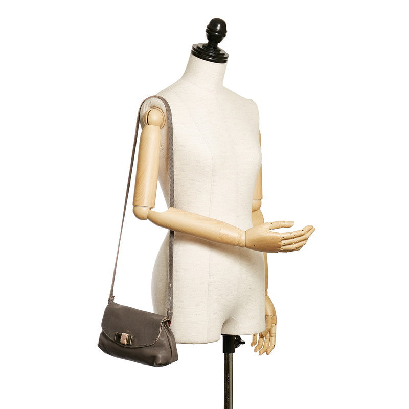 クロエ リリィ リボン グレー ピンク レザー ミニ ハンドバッグ ショルダーバッグ 2WAY レディース Chloe 【中古】
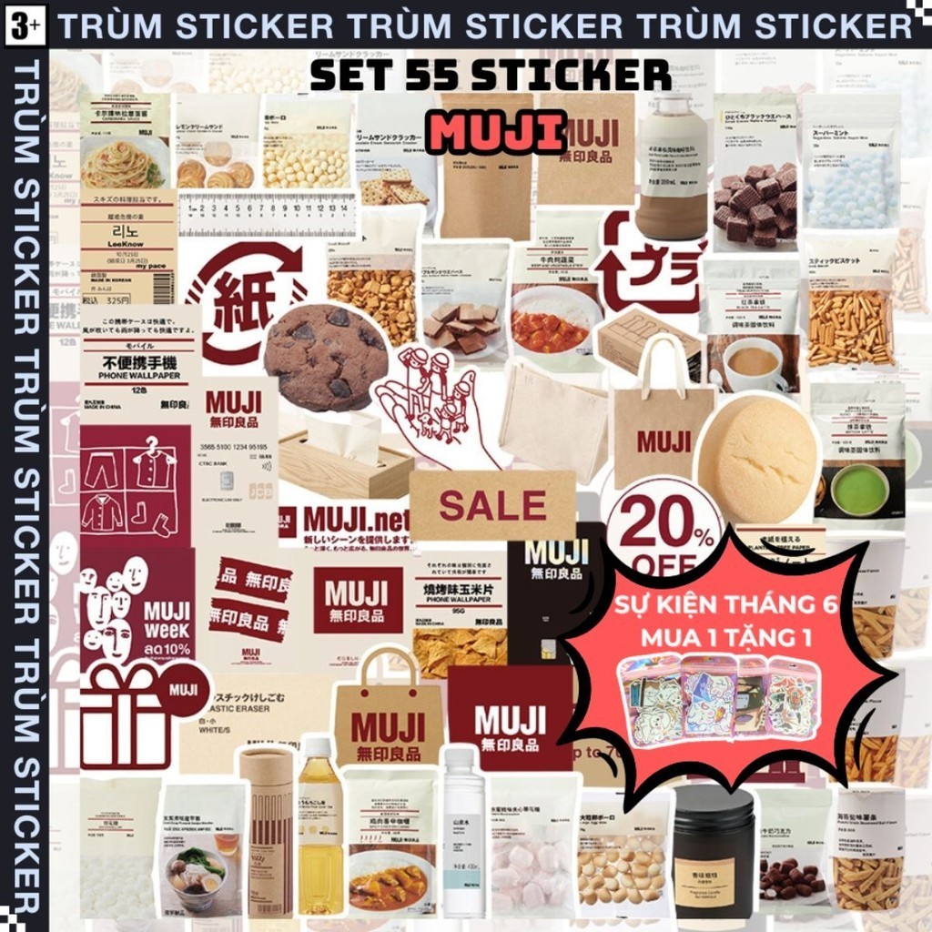 Tag : Set 55 Stickers Hình Dán Brand MUJI hot hit random Trang Trí Decor Laptop Cặp Sách TRÙM
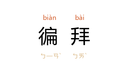 引《左传·襄公二十三年》:“盈 出,徧拜之。”杜预 注:“谢众之忠己。”唐 韩愈 《顺宗实录四》:“遂徧拜 城 与 仲舒 等曰:‘诸諫议能如此言事,天下安得不太平也!’”《资治通鉴·唐肃宗宝应元年》:“徧拜 位 等曰:‘ 神功 出于行伍,不知礼仪,诸君亦胡为不言,成 神功 之过乎!’”

+ + + + +

> EXERCISE DESCRIPTION:
From the first line to the last, retype the data exactly, without images.

> WRITTEN RESPONSE:
 クロエ リリィ リボン グレー ピンク レザー ミニ ハンドバッグ ショルダーバッグ 2WAY レディース Chloe 【中古】
 Tag : Set 55 Stickers Hình Dán Brand MUJI hot hit random Trang Trí Decor Laptop Cặp Sách TRÙM
 引《左传·襄公二十三年》:“盈 出,徧拜之。”杜预 注:“谢众之忠己。”唐 韩愈 《顺宗实录四》:“遂徧拜 城 与 仲舒 等曰:‘诸諫议能如此言事,天下安得不太平也!’”《资治通鉴·唐肃宗宝应元年》:“徧拜 位 等曰:‘ 神功 出于行伍,不知礼仪,诸君亦胡为不言,成 神功 之过乎!’”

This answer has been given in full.